Archive for Andy Subramanium

VideoSelfie makes video selfies more fun with animated gifs

VideoSelfie is a new video messaging app that lets you take & send short video selfies that you can enhance with decorative animated gifs.

Video Selfie

Video messaging is a highly competitive field dominated by the social networking giants, with popular video messaging & sharing apps like Vine sucking away all the oxygen.

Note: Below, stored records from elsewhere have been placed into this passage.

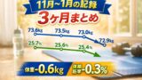 ですが、1月に入って完璧を目指さず、できる日だけ再開したところ、体重・体脂肪率ともに再び下がり始めました。
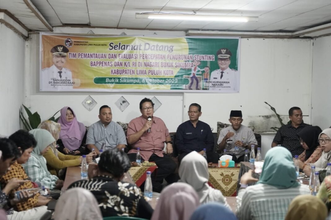 Limapuluh Kota, investigasi.news – Kinerja percepatan penurunan stunting di Kabupaten Limapuluh Kota mendapat perhatian besar dari Tim Percepatan Penurunan Stunting (TPPS) pusat yang terdiri dari Kementerian BAPPENAS, Kementerian Kesehatan, Kementerian Desa, Kementerian Dalam Negeri, dan BKKBN. Tim lintas kementerian tersebut sambangi Limapuluh Kota untuk melaksanakan studi lapangan dan uji coba metadata indikator stunting, Jum’at, (06/10/2023) di Nagari Bukik Sikumpa, Kecamatan Lareh Sago Halaban. Berkekuatan 17 orang, tim tersebut akan melihat dan memastikan kesamaan data di lapangan utamanya data ibu hamil, balita, dan remaja. Kabupaten Limapuluh Kota menjadi satu dari dua daerah di Indonesia yang mendapat kunjungan lapangan dari TPPS pusat bersama Kabupaten Sumedang, Jawa Barat.
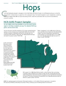 Craft beer brewing has enjoyed a resurgence in the United States over the last 30 years. As small breweries spring up, so does the opportunity for nearby farmers to supply them with locally grown hops. From weed management, to pest management, to exploring marketing strategies, NCR-SARE has supported work by farmers, researchers, and brewers that has promoted sustainable hop production practices.
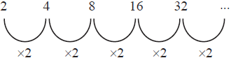 Terlihat bahwa perbandingan antara dua suku berurutan adalah 2, atau bisa dituiskan sebagai berikut:
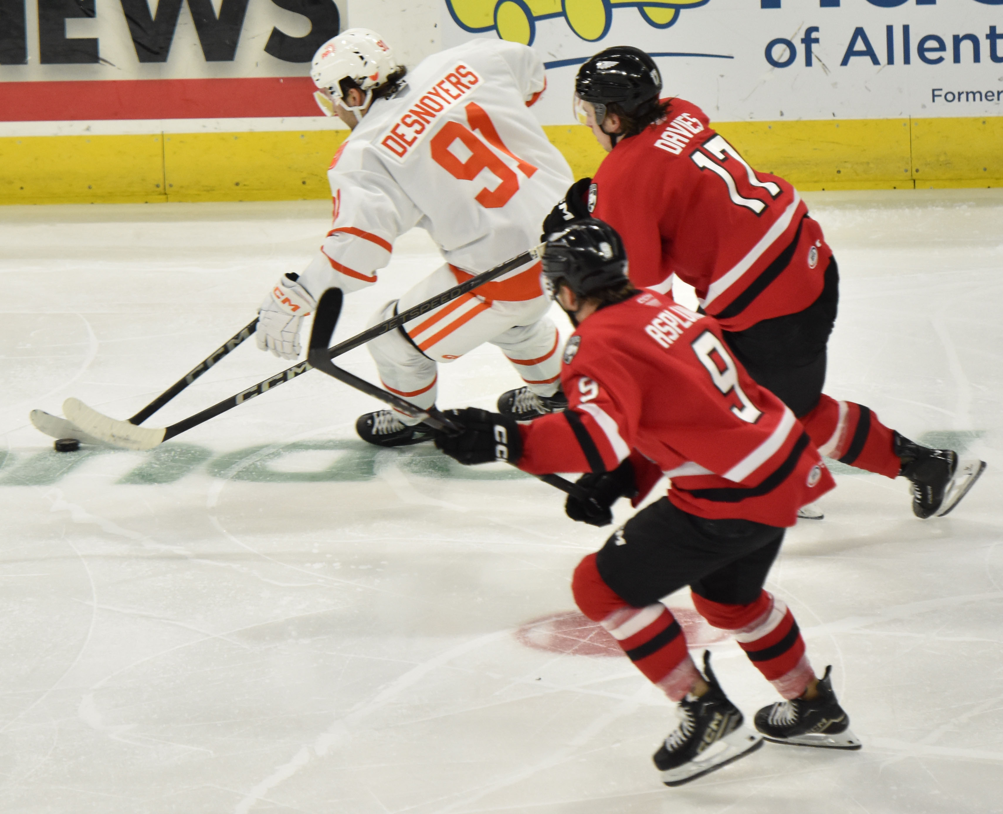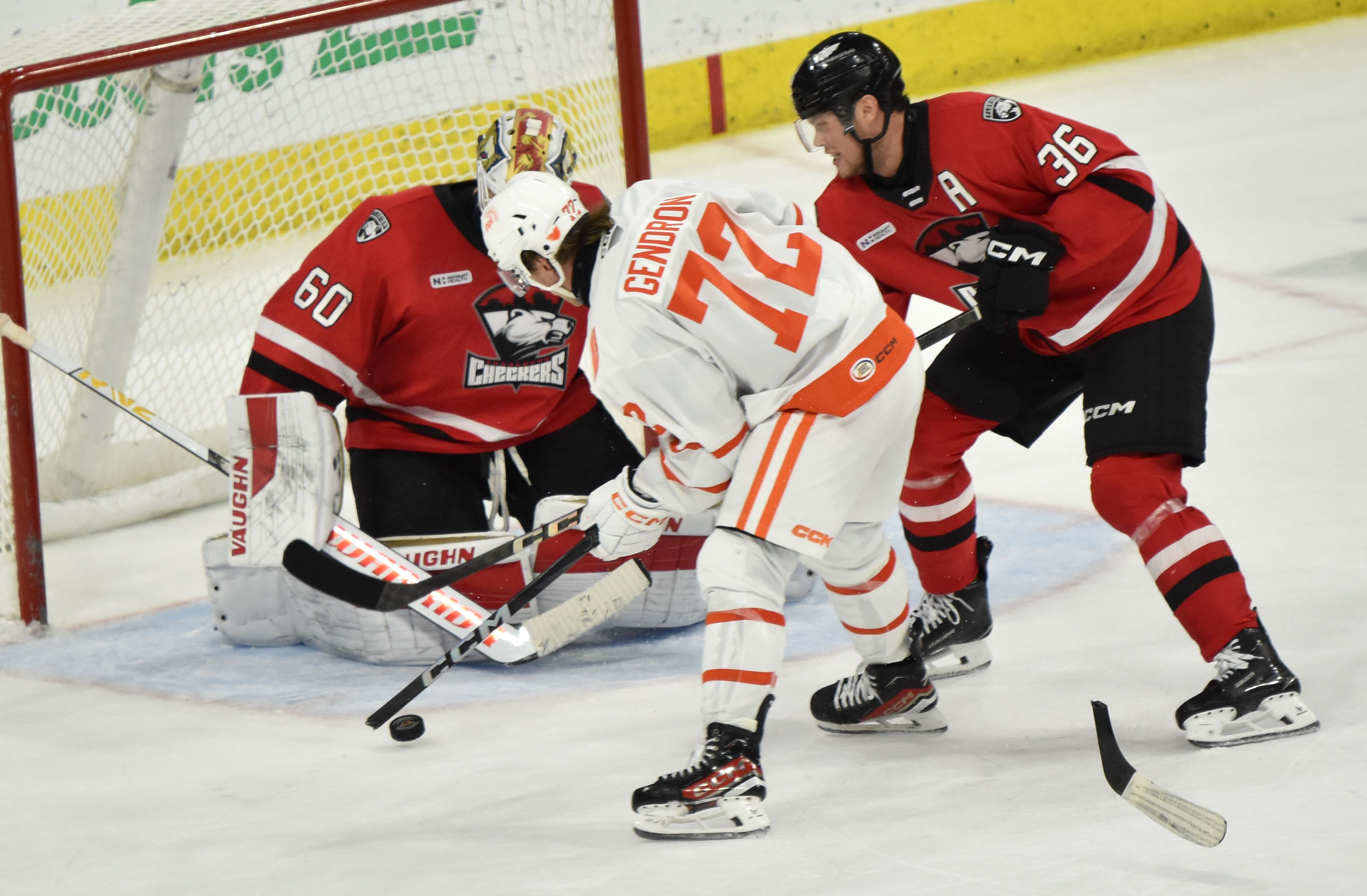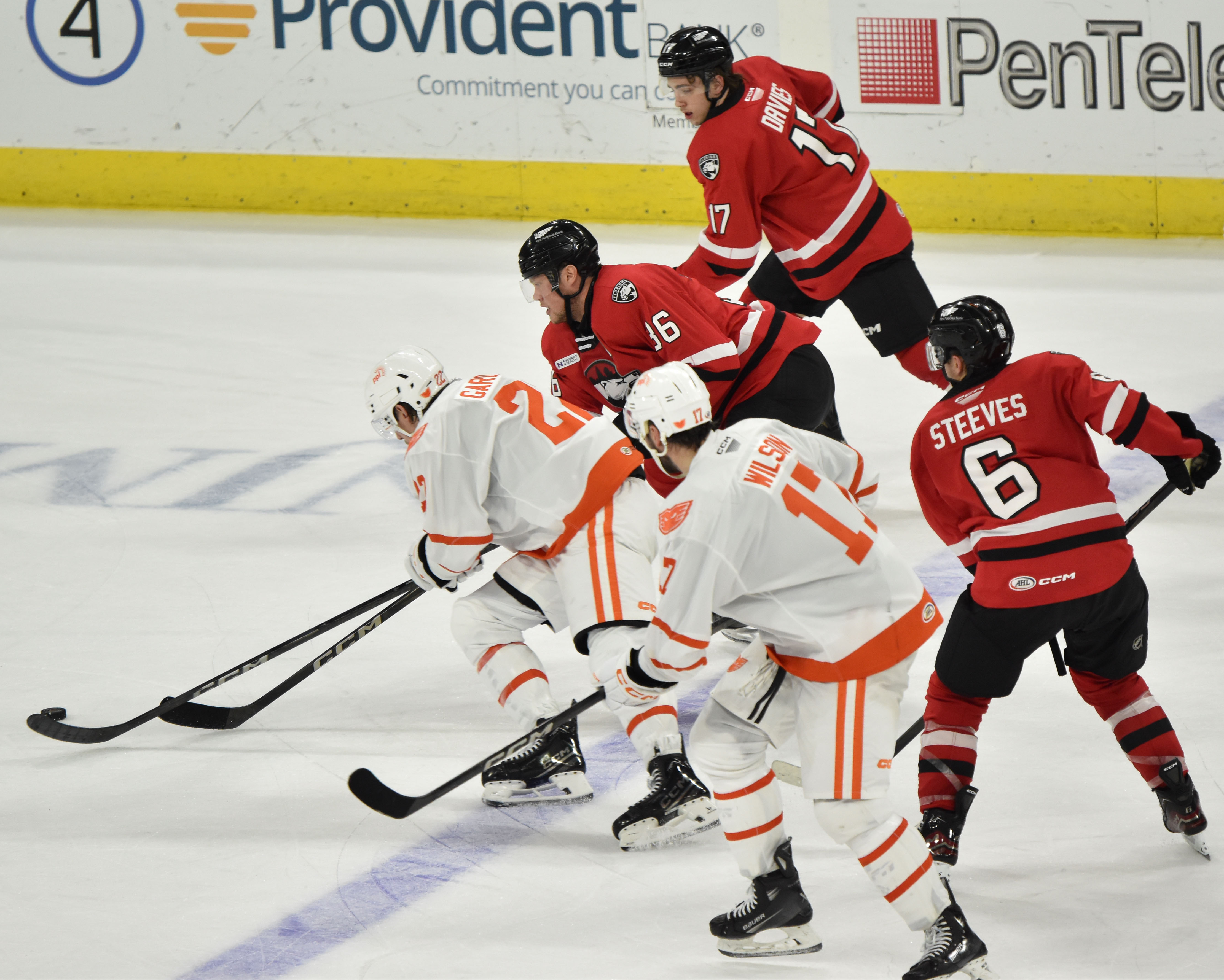 Zayde Wisdom connected with Elliot Desnoyers on the move whose shot handcuffed goaltender Chris Dreidger and deflected high in the air. By the time it came down, Avon successfully got a touch to knock it forward and off a Charlotte leg and into the net to make it 4-2 at 7:14 into the final frame.

Pocket Supernova, Inc. probably realized this when they launched their own video messaging app called Unda. It already works in much the same way as VideoSelfie, helping you send selfies as short videos.

So the company just had to do some research & testing to include innovations like face tracking, where the gifs you add will follow your face or camera movement in the video.

Using VideoSelfie is quite easy. It takes 20-second videos. Just tap & hold to record, & it offers multi-take support too, if you want to change anything in-between. Sharing it is just as easy as with any video messaging app.

You can choose to activate face-tracking, or disable it. If it’s enabled, the gifs you add will follow your head movement & the camera movement.

You can use hundreds of GIFs from separate categories (reactions, emoji, fun, love, etc.) available in the app, or you can add any image you have on your phone – VideoSelfie supports not just gifs, but also png files & jpgs too.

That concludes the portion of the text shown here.